Reader Comments

Post a new comment on this article

Use of coded primers requires minimum difference to be effective

Posted by shuse on 04 May 2007 at 13:57 GMT

My colleagues and I at the Marine Biological Laboratory in Woods Hole have found the use coded PCR primers in massively-parallel sequencing to be very effective, and we routinely use this method in all of our runs. The process has many advantages as outlined in “The use of coded PCR primers enables high-throughput sequencing of multiple homolog amplification products by 454 parallel sequencing” by Binladen et al (2007), including the ability to combine many data sources together and to separate them out bioinformatically rather than mechanically.

We would like to offer a caution, however, to those using this method. We strongly recommend selecting coding primer keys, what we have been calling “run keys”, that differ by AT LEAST 2 nucleotides. If two run keys have only one nucleotide difference, it would take only one substitution in the key for a read to “jump” from one experiment to the next. Additionally, when selecting run keys, it is helpful to calculate the number of nucleotide flows required to accurately synthesize the key and preferentially select those keys using the least number of flows. We have also chosen to avoid homopolymers within keys to increase their sequencing accuracy.

Although we have found the per-nucleotide accuracy of the GS20 to be quite high (>99%), in several hundred thousand reads of a full run, the number of synthesis errors becomes quite noticeable. For instance, with the mis-assignment rate of 0.0036 reported by Binladen et al, assuming two run keys differing by only one nucleotide, the expected number of sequences incorrectly assigned in a set of 300,000 would be 1063. With two run keys differing by two nucleotides, the number of sequences mis-assigned drops to 4. We have chosen to use pentanucleotide keys as a means of maximizing the number of keys we can use that differ by at least 2 nucleotides, and usually more, without losing too much of the limited sequence length to primer. We analyzed 389,422 reads comparing pentanucleotide keys and known sections of sequence (amplification primers) and found no mis-assigned reads.
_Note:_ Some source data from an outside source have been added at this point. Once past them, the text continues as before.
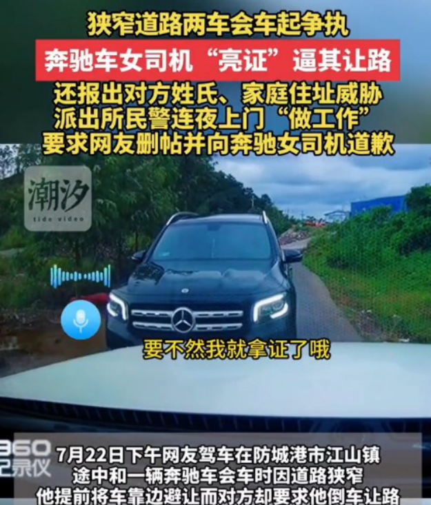2025年7月31日,抖音網(wǎng)民“吹雞平頭哥”發(fā)布視頻稱自己幾日前在廣西防城港市江山鎮(zhèn)與一奔馳車會車時(shí),女車主要求其倒車未果后,拿出印有“行政執(zhí)法”字樣的證件,該車同行男子還當(dāng)面報(bào)出其家庭住址等個(gè)人信息。視頻經(jīng)自媒體轉(zhuǎn)發(fā)后迅速引發(fā)輿論熱議。當(dāng)晚,當(dāng)?shù)嘏沙鏊窬c亮證車主前往曝光者老家,要求其刪帖致歉,輿情熱度登頂。面對媒體追問“駕車女子是否為公職人員”,當(dāng)?shù)嘏沙鏊凸簿志凑婊卮稹?月1日,防城港市公安局邊境管理支隊(duì)發(fā)布情況通報(bào),表示已成立工作組展開調(diào)查。同時(shí)網(wǎng)絡(luò)上開始流傳“亮證車主為公安部門某領(lǐng)導(dǎo)”的信息,該傳言隨即被公安和網(wǎng)信部門辟謠。8月3日,防城港市委、市政府調(diào)查組通報(bào)調(diào)查結(jié)果,稱亮證車主系一民營企業(yè)員工,因與曝光者父母為親戚關(guān)系,所以知道其個(gè)人信息;女車主所持證件為其丈夫侯某某的行政執(zhí)法證。8月5日,防城港市公安局防城分局發(fā)布公安行政處罰決定書,侯某某被行政拘留5日。8月16日,防城港市委、市政府調(diào)查組通報(bào)后續(xù)處理結(jié)果,侯某某丈夫被給予黨內(nèi)警告處分,多名公職人員被問責(zé)。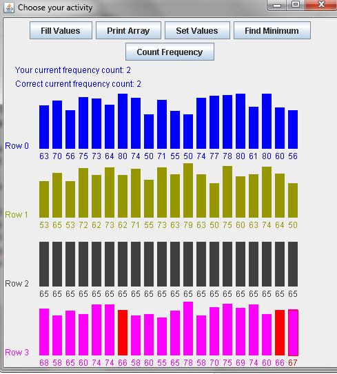 The two .java files (TwoDimArrayPrac.java and BarChart.java) running under the same project will animate your algorithm so that you can visually watch your code work. For this to happen, make sure that your single or nested for loops call the method animate. The arguments that you send to animate are not always the same and the location of the call to animate will differ depending on the task you are coding.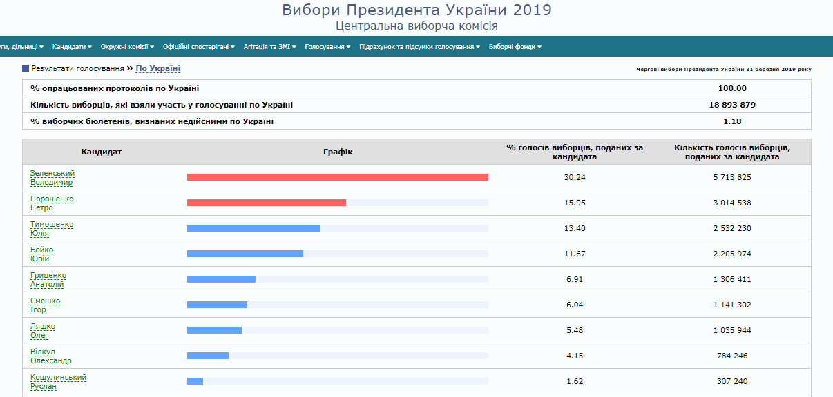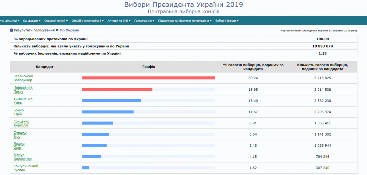 ЦВК порахувала 100% голосів виборців: Зеленський переміг у першому турі
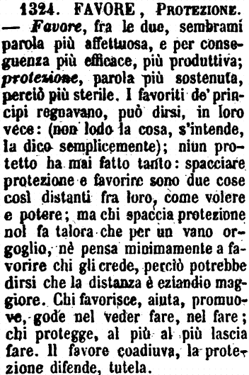 Favore, Protezione - Favore, fra le due, sembrami parola più affettuosa, e per conseguenza più efficace, più produttiva; protezione, parola più sostenuta, perciò più sterile. I favoriti de' principi regnavano, può dirsi, in loro vece: (non lodo la cosa, s'intende, la dico semplicemente); niun protetto ha mai fatto tanto: spacciare protezione e favorire sono due cose così distanti fra loro, come volere e potere; ma chi spaccia protezione nol fa talora che per un vano orgoglio, nè pensa minimamente a favorire chi gli crede, perciò potrebbe dirsi che la distanza è eziandio maggiore. Chi favorisce, aiuta, promuove, gode nel veder fare, nel fare; chi protegge, al più al più lascia fare. Il favore coadiuva, la protezione difende, tutela. [immagine]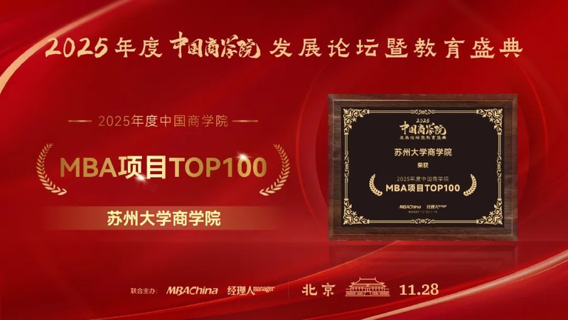 Great News! Soochow University School of Business Secures Multiple Honors Including “2025 China's Top 100 MBA Programs”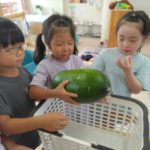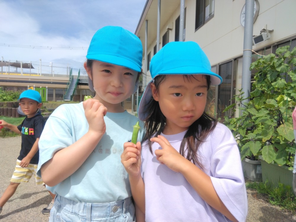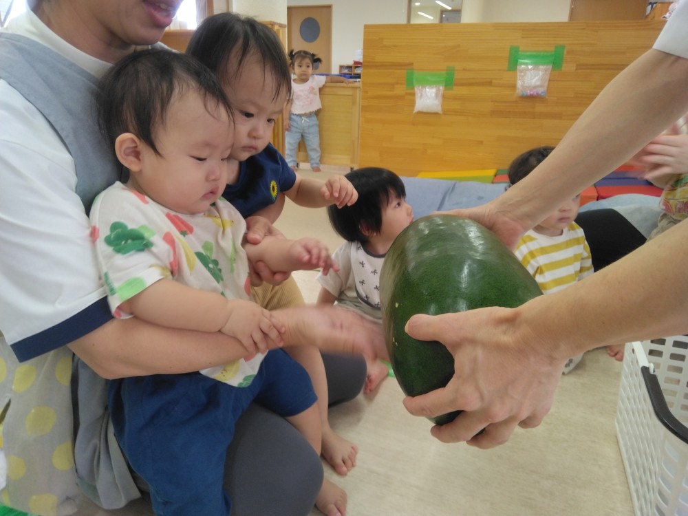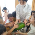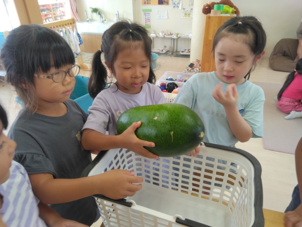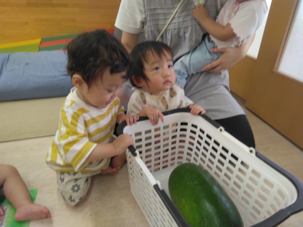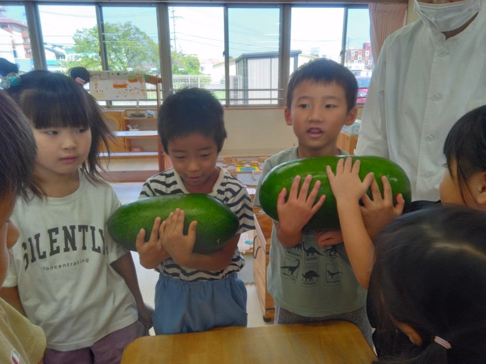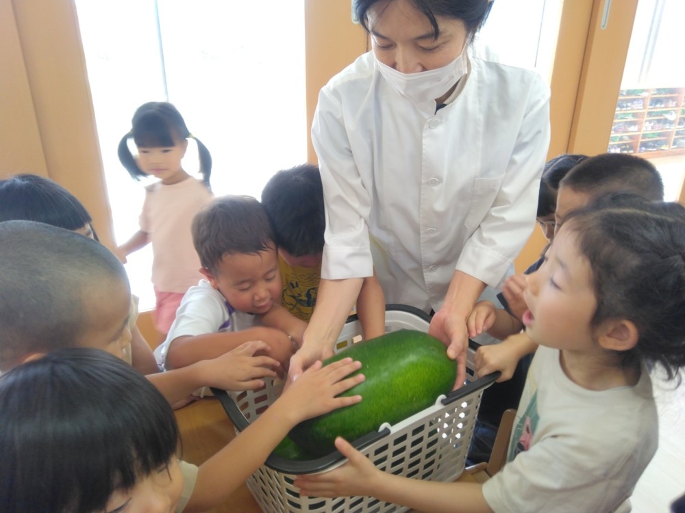 夏の野菜 part3 2025年09月08日 8月に入ってからも夏野菜の収穫は続きました。プランターだけでなく、めろん組さんの個人の鉢からオクラも収穫! ガマの穂 こちらの冬瓜は給食の食材で、納品されたものです。ちなみに「冬の瓜」と書きますが、旬は7~9月です。冷暗所に置けば冬まで日持ちすることから「冬瓜」と呼ばれるようになったそうです。大きいねぇ。

An important advantage of the method that was not mentioned in the paper is that the use of these run keys allows us to reduce the number of well plate regions. The GS20 uses a gasket to mask sections of the plate to create individual regions. The more regions used, the more gasket necessary, the more wells physically covered by the gasket and the fewer wells available for sequencing. By using a two-region gasket rather than a 4- or 8-region gasket we can increase the number of reads in a single run and consequently decrease the per-read cost. The method has also allowed us to piggy-back smaller projects with very limited budgets onto larger projects, at a fraction of the cost of a full run.

Careful rotation of these keys across sequencing runs can also help to filter out contamination within and between runs. We have seen contamination between runs documented not only in this paper where previous waterbuck sequences appeared in the current experiment, but also in other papers and in data sequenced for us commercially. By only selecting only sequences with the proper run key for a given experiment, this contamination can be filtered out. This same filtering process will remove contamination across well plate regions of the same run.

Overall, we highly recommend this methodology as a means of greatly improving the utility of the massively parallel pyrosequencing system through improvements in both the number of parallel experiments and the number of sequence reads within a single pyrosequencing run. However, we strongly urge that only keys differing by two or more nucleotides be used.